- Written by: David Alexander
- Directed by: Georg Stanford Brown
- Starring: Julie Benz Marsha Mason
- Theme music composer: Mark Watters
- Country of origin: United States
- Original language: English

Production
- Producers: Stephen Bridgewater Robert Halmi, Jr. Larry Levinson
- Cinematography: Geza Sinkovics (director of photography)
- Editor: Jennifer Jean Cacavas
- Running time: 90 minutes
- Production company: Larry Levinson Productions

Original release
- Network: Hallmark Channel
- Release: April 18, 2004

= The Long Shot =

The Long Shot, sometimes called The Long Shot: Believe in Courage, is a Hallmark Channel film that aired April 18, 2004. It stars Julie Benz and Marsha Mason and centers around a dressage competition.

==Plot summary==
Annie Garrett (Julie Benz) is a young woman who moves with her slacker husband Ross and their seven-year-old daughter Taylor (Gage Golightly) from Colorado to a ranch in northern California. After he fails to land a job as promised, Ross abandons Annie and Taylor. With nowhere to turn, and their horse to look after, Annie gets a job as a ranch hand and stable person at a stud farm owned by Mary Lou O'Brien (Marsha Mason), a stern woman who is dealing with her own past. Inspired by Mary Lou's encouragement, Annie decides to enter into a dressage competition with her horse she trained herself, Tolo.

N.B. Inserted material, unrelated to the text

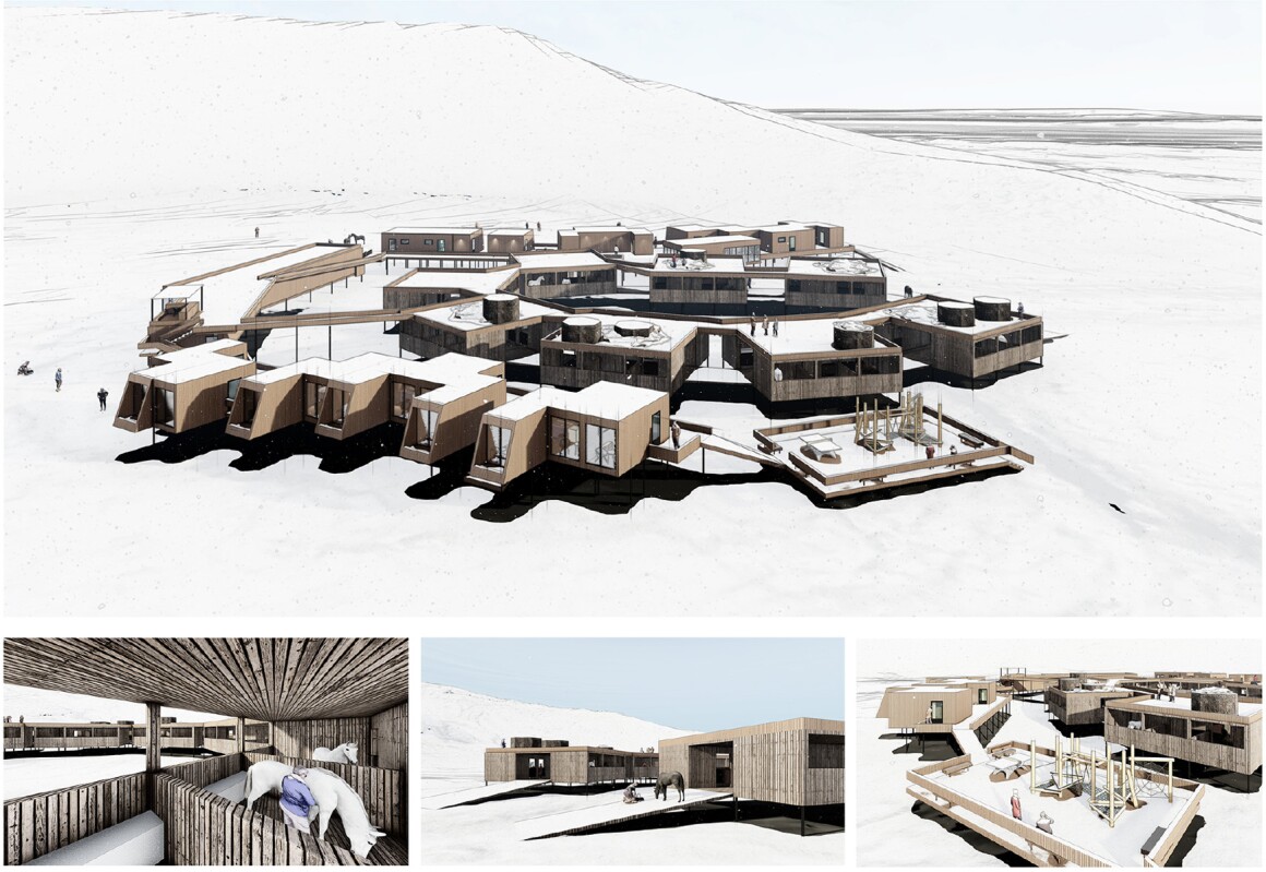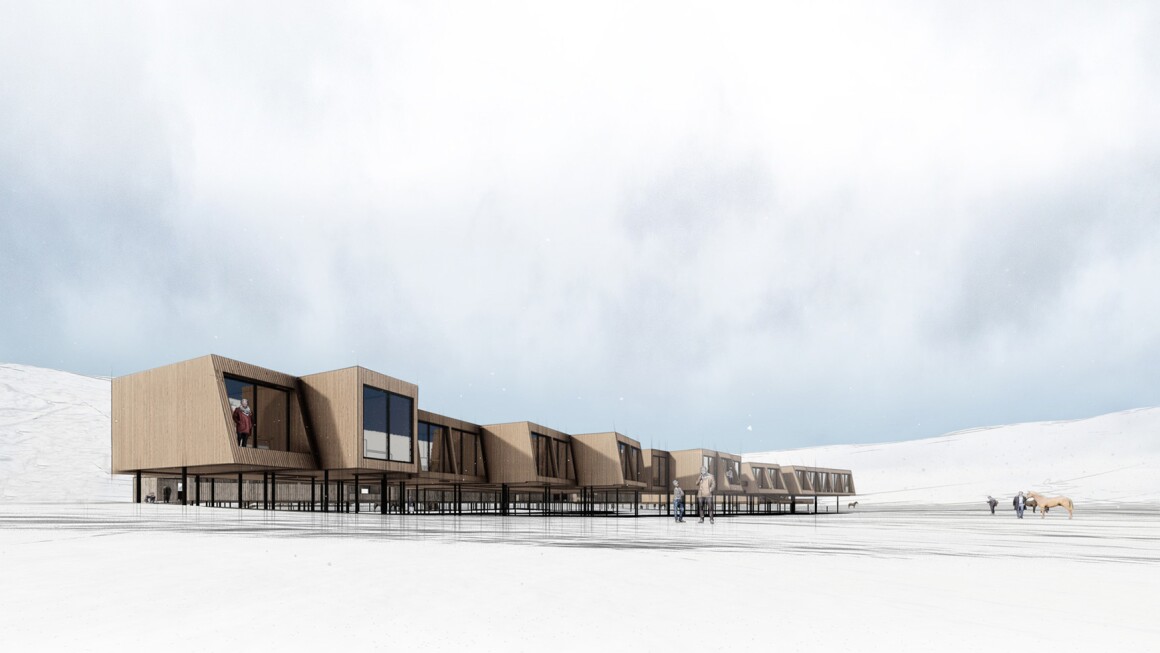 Модульная структура позволяет впоследствии легко модифицировать или адаптировать пространство без значительных затрат. Это будет полезно в условиях меняющихся потребностей пользователей. Отели, построенные в виде блоков, позволяют сохранить масштаб отеля и создают ощущение объемности застройки. блоки включают одноместные, двухместные и семейные номера. С крыши ресторана открывается захватывающий вид на кратер. Крыша будет использоваться в качестве смотровой площадки. Конюшни станут не только местом для содержания лошадей, но и функциональным элементом. Крыша будет эксплуатируемой, обеспечивая дополнительное пространство для хранения сена и специальных резервуаров для питьевой воды.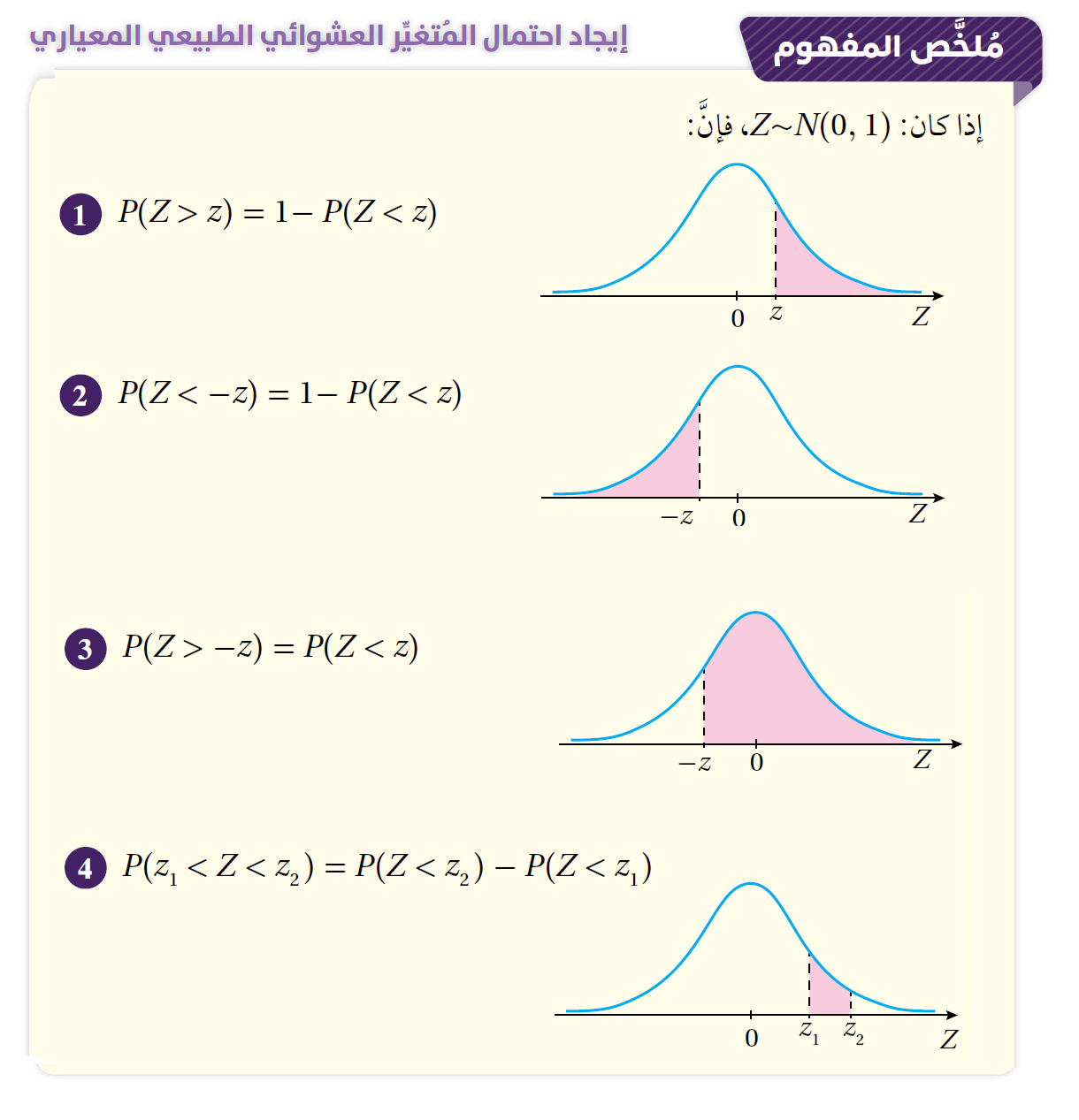 * تُعَدُّ القاعدتان صحيحتين؛ لأنَّ المساحة أسفل المنحنى الطبيعي المعياري كاملة هي 1، ولأنَّها تُمثِّل احتمال الحادث الأكيد.

Unfortunately, Tolo becomes blind and Annie is injured. When she recovers she goes to compete on one of Mary Lou's horses, California Red, but due to an unexpected visit, the horse is unable to compete. In order to compete, she has to believe in herself and have faith in Tolo to win.

==Cast==
- Julie Benz as Annie Garrett
- Marsha Mason as Mary Lou O'Brian
- Paul Le Mat as Guido Levits
- Gage Golightly as Taylor Garrett, Annie's daughter
- David Alexander as Monte Shelton
- Christopher Cousins as John Oaks
- John Livingston as Ross Garrett, Annie's husband
- Robert Pine as Douglas McCloud
- Laura Johnson as Bonnie McCloud
- Juliette Goglia as Colleen O'Brian, Mary Lou's granddaughter
- Joe Russell as Security Guard

==Promotion==
Schering-Plough signed on its product Claritin as the network's entitlement sponsor for The Long Shot. This meant that not only did the film's title artwork include the Claritin logo, but the brand would be featured in every promotion and spot regarding the movie's premiere. This made The Long Shot the network's first exclusive entitlement-sponsored film.

==Reception==
The Long Shot did moderately for the network, premiering with a 1.8 household rating. However, at the time it aired, the movie ranked #1 in average "Length of Tune" over all competitive cable original movies.